The acronym Saq (speed, agility, quickness) figures extensively in Exeter's discussions on fitness but his theories about the game are revealing to say the least. "Rugby is a very complex activity but it's not really an endurance sport. The key areas are speed and power. Players need to produce high-intensity effort continuously yet they only have a short recovery period.

"A lot of players will reach a certain level of fitness but the skilful ones will hit that vital extra five per cent. Rubber bands are used for resistance to trick your muscles into doing more work and reaching top speed quicker, even if you're twisting or turning.

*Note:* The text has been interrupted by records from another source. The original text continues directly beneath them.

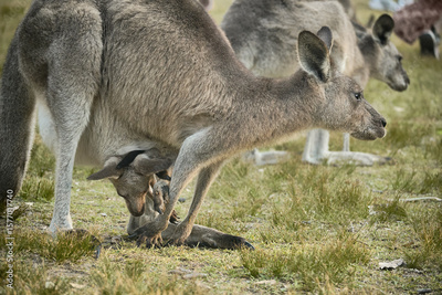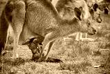 Close-up portrait of an eastern grey kangaroo in its natural forest environment in Australia. Captured in golden light, showing detail and expression.
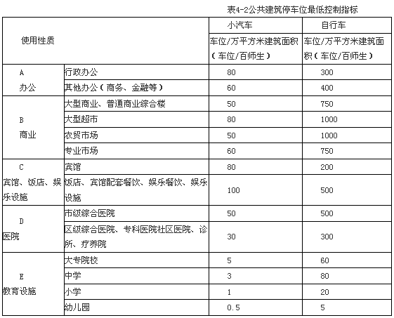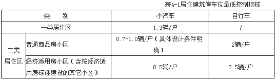 根据城市交通发展的趋势,本着“适当超前,留有余地”的要求,对建设项目(居住建筑及公共建筑)应同步配套建设停车场,面积指标按表4-1、表4-2要求控制:
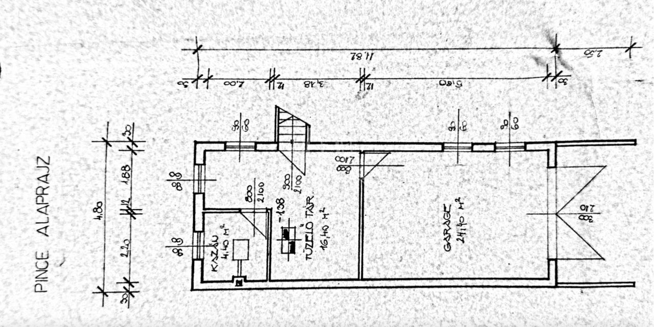 - Pince: tároló (24,4m2), tároló (16,4m2), kazánház (4,4m2), dupla garázs (40m2).

"We work on power-type weight training in the gym, challenging the neuro- muscular system. Everyone wants extra bulk but if anyone does steroids here he's out, and that's written into their contracts. Anyway, bulk gives you strength but not necessarily power. Quality work is the only way to improve speed. You don't get quick over 20 yards by practising over 100 or 200 yards.

"Our sessions generally last for 90 minutes. We have a lengthy warm-up and do a lot of balletic stretching. Ideally, this approach should start in childhood - the younger you are the better you develop your balance and co-ordination. People compare rugby to NFL but I think it's really more like basketball." Indeed, Richmond have been scoring almost as prolifically as the Chicago Bulls this season and that is more than can be said of Arsenal, even under Wenger.